Dad, the doler of discipline in the family, without skipping a beat, ordered us to take turns hitting each other until our mom came back to the car. When dad said jump, you didn't ask how high - you did it. So, my brother and I sat there, trading 'slaps' until our mom returned. You would have thought we had just been told the Easter Bunny wasn't real, or something. Obviously, we didn't like
having to hit each other. I mean, that is one of those things you just do. It isn't the same when you are told you
have to do it
and be hit back in the process.
By the second round of hitting, we were both bawling our eyes out. I can only imagine what my mom thought when she came walking up to the car to see dad just sitting there and my brother and I slapping each other silly in the back seat, yowling our disapproval. Dad gave us the word and we were allowed to stop.
Needless to say, we didn't tell on each other any more. Not unless it was really bad or we just wanted to be a brat to the other, which wasn't very often. I do remember that, right after that back seat incident, my brother and I made a pact that we would try to handle things between us rather than have dad do that to us again. We were comrades after that. The two of us would stick together and be just fine.
One evening, after we were tucked in to bed, my brother told me he had made something for me. Wanting to see it then and there, he had to sneak to avoid detection from mom and dad. He rustled through some papers on the table by his bed and produced a picture he had colored, a card, if you will. It was a heart with his name and my name, showing me that he loved me and that we were a team.

It was so special to me. I quietly expressed my glee and, caught up in the moment, my brother asked if I wanted him to hang it up so I could see it all the time. I agreed, joyfully. In the absence of a roll of tape or a tack, my brother braved a clandestine trip to the kitchen and returned with a jar of peanut butter. I just remember not knowing what he was up to until I saw that he was spreading a heaping amount of the butter on to the back of the picture he made me. After all, it was sticky, much like paste. With that done, he decided on a spot right over the head of my bed and stuck it to the wall. That picture, crayon on notebook paper, stuck up with peanut butter, was a trillion, gazillion times better than any old Mona Lisa. That was an original, made just for me, by the best friend and comrade a girl could have ever asked for - my brother. I laid there that night, staring up at that masterpiece, happy as I could be, as I slipped off to sleep.

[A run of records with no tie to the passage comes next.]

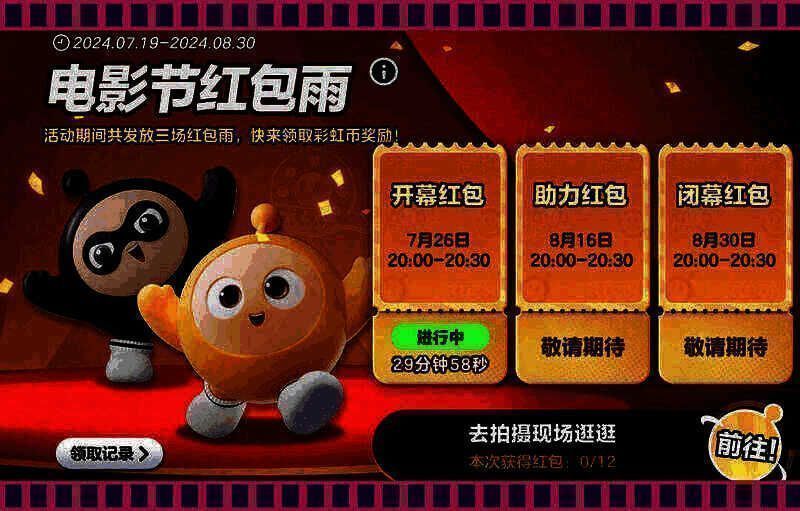 天降“大红大紫”,三场福利红包雨来袭!7月26日开机仪式、8月16日升咖成功、8月30日电影节落幕,这三天的20:00至20:30,都将发放电影节红包雨。前往拍摄现场即有机会获取红包,666枚彩虹币等丰厚奖励等你来领!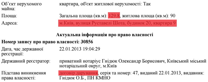 Має Леонід Болеславович також і чималу квартиру в центрі Києва площею майже в 130м²(!) на вулиці Шота Руставелі. Сьогоднішня вартість подібних квартир стартує від просто захмарних 280тис.$(!) (майже 7млн.грн.) Але він її не купував, йому цю квартиру... "подарували" у тому ж таки 2013 році :)))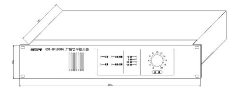 以 GST-GF500WA 型廣播功率放大器為例進(jìn)行說明,其外形及結(jié)構(gòu)示意圖如圖 9-3。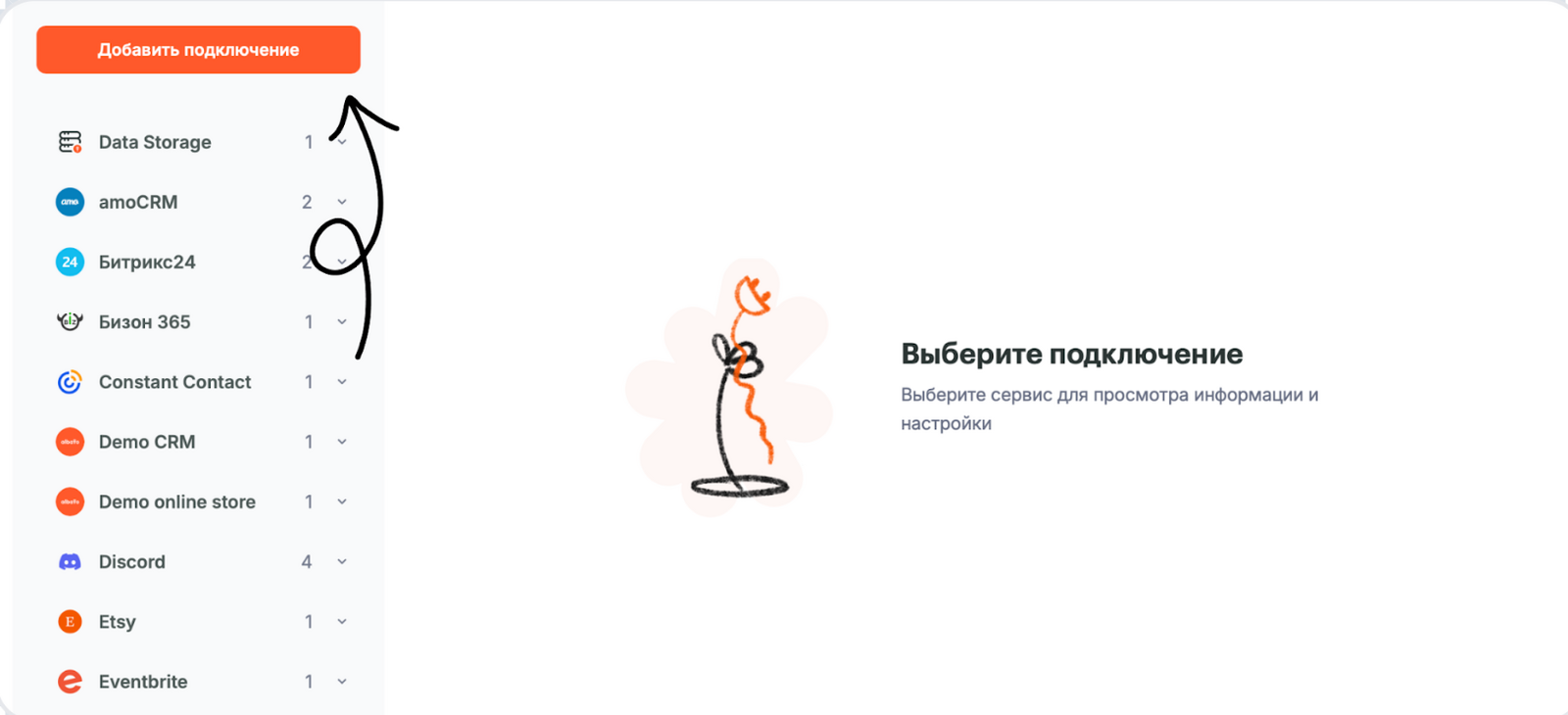 - Перейдите в раздел Подключения и нажмите Добавить подключение.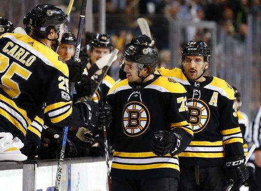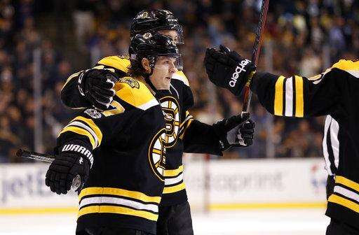 Boston Bruins' Charlie McAvoy is congratulated by Patrice Bergeron and Brandon Carlo (25) after his goal against the Tampa Bay Lightning during the first period of an NHL hockey game in Boston, Wednesday, Nov. 29, 2017. (AP Photo/Winslow Townson) The Associated Press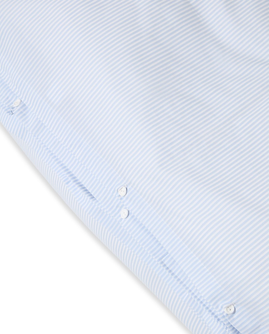 Diese edle Bettwäsche von Lexington wird aus feinem Baumwollsatin gewebt. Sie ist wunderbar weich und anschmiegsam und perfekt für schöne Träume. Die exklusive Bettwäsche mit dem feinen Streifenmuster ist in schönem Hellblau-Weiß gehalten und hat einen feinen edlen Glanz. Sie verleiht dem Schlafzimmer eine ganz besondere Optik. Der Kissenbezug hat an zwei Seiten einen Stehsaum und einen klassischen Hotelverschluss, der Bettbezug hat farblich abgestimmte Kautschuk-Knöpfe.

The next day, when our mom saw the picture on the wall and the peanut butter sticking it to the wall, she nearly had a cow. Peanut butter is oily. Oil seeps in to plaster. When she removed the picture and we all saw the huge oil stain left on the wall, my masterpiece was no more. Both of us had to get soapy water and scrub as best we could 'before our father got home'. Of course, it didn't all come out and dad saw it and we got in to some trouble. Oddly, though, when we told our parents about the picture and they took a look at it, all oily and yucky, now, they were obviously touched by the intent.
Dad had our bedroom painted shortly thereafter.